Beside the main temple, Myorenji has 8 sub-temples. With the luck of the draw, ex-Marine and I were given a gorgeous room with stunning partition paintings and the magnificent traditional rock garden right outside our room.

The rock garden of 16 arhats was created by a priest who directed the construction of the garden at the Katsura Imperial Villa. The terms may be trite but we were blown away by the chance to sleep and stay in Myorenji Temple.


When Kate told us we were going to stay in a Buddhist Monastery, ex-Marine and I were already considering changing to a regular hotel anticipating the worst. After mountain huts for a week, we were ready for a little more luxury. Instead Myorenji turned out to be a highlight.

The main elements of a rock garden are rocks and sand. The sand is raked in patterns that suggest rippling water while the rocks symbolize mountains. The gardens were raked every day to keep them in pristine condition. Rock gardens are also supposed to be viewed from a sitting position, not standing. Once all this was explained, I was able to see the beauty in one.

Myorenji Temple only had three drawbacks:
- There were no bathing facilities on the temple grounds.
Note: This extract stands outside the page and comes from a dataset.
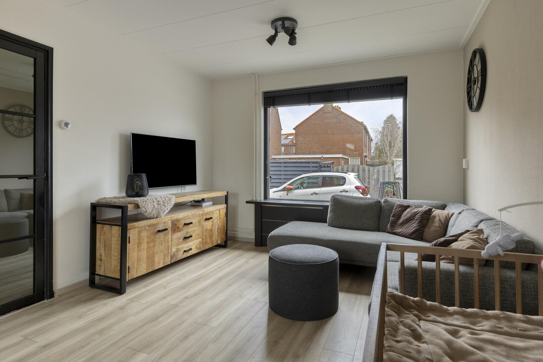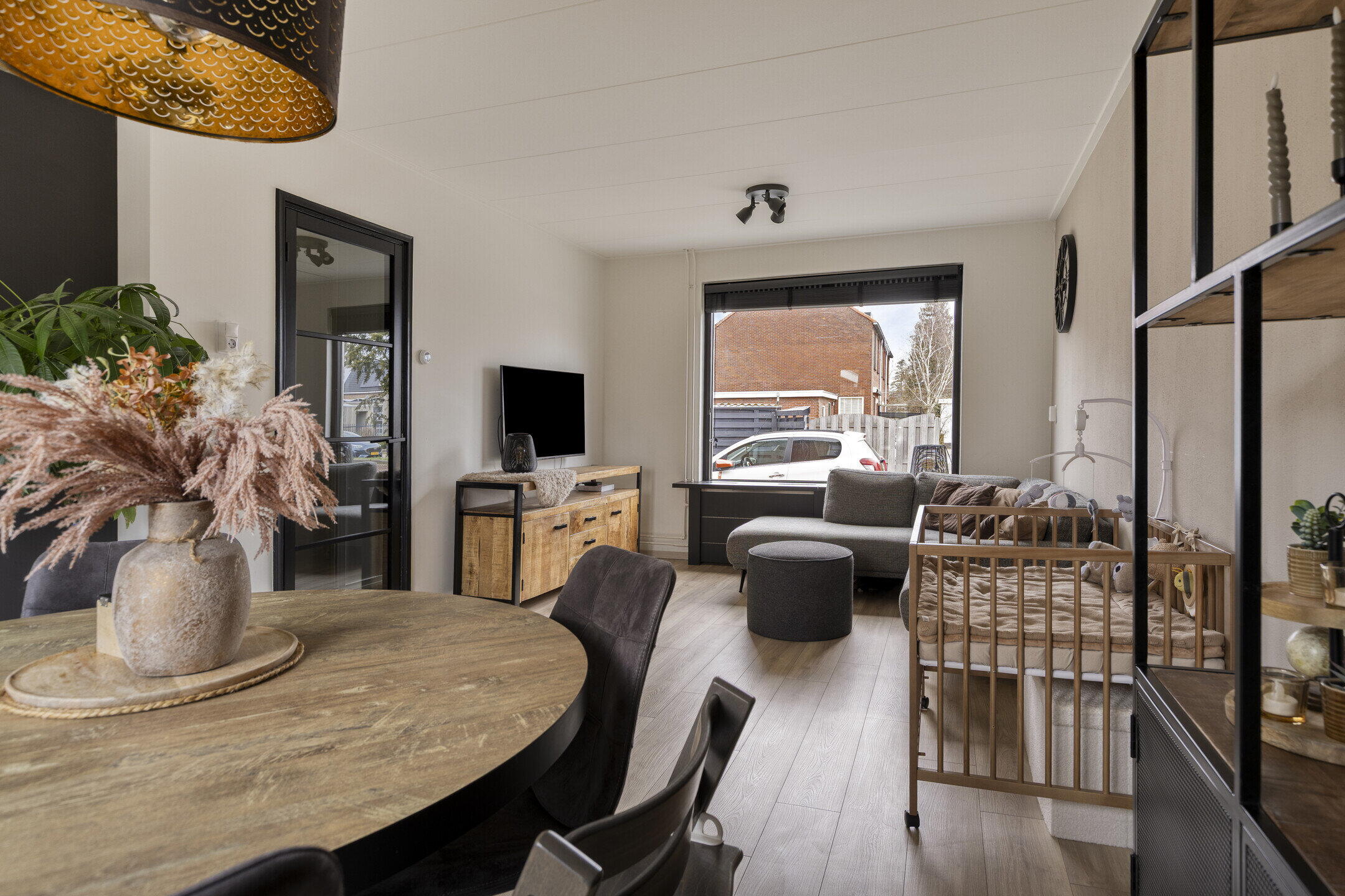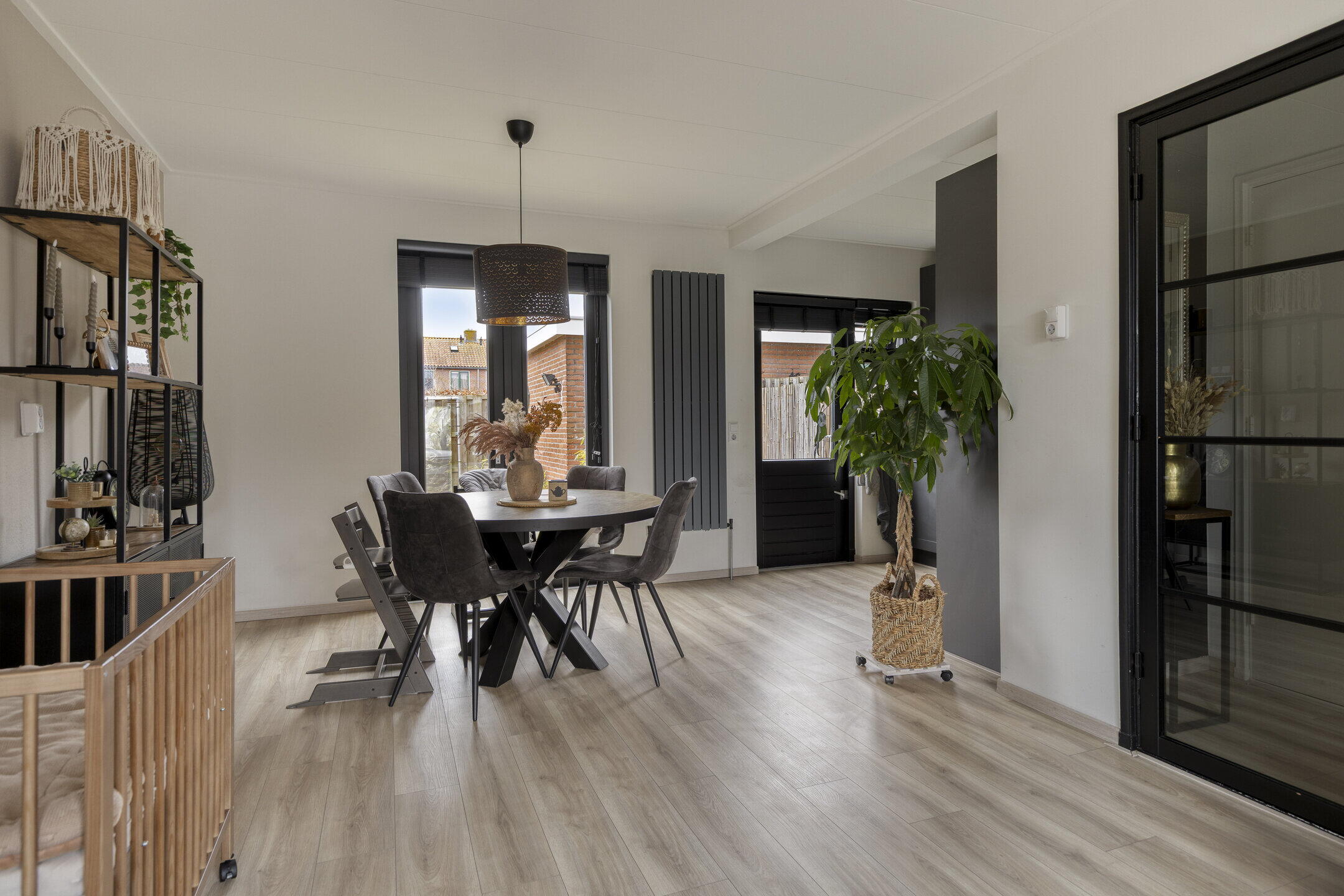 Bij binnenkomst in de woning wordt u verwelkomd in de entree, vanwaar u toegang krijgt tot de meterkast, het moderne toilet en de trapopgang naar de eerste verdieping. De lichte woonkamer is een waar hoogtepunt van deze woning. Door de openslaande deuren kunt u de achtertuin eenvoudig betrekken bij uw woonruimte, wat zorgt voor een uitnodigende en open sfeer. De royale ramen zorgen voor een overvloed aan natuurlijk licht, waardoor de woonkamer een warm en uitnodigend karakter heeft.

Once again, we clopped down the street to the public bathhouse, men on one side, women on the other;
- Daily morning services were held at 6:30 am and you could hear the drums from quite a distance; and
- The communal bathroom was close to our room and light sleeper, me, heard people coming and going (literally) at all hours through the thin shoji screens.
All minuses were a small price to pay for this opportunity. The entire Japanese Alp tour had turned out to be the cultural immersion I had hoped for.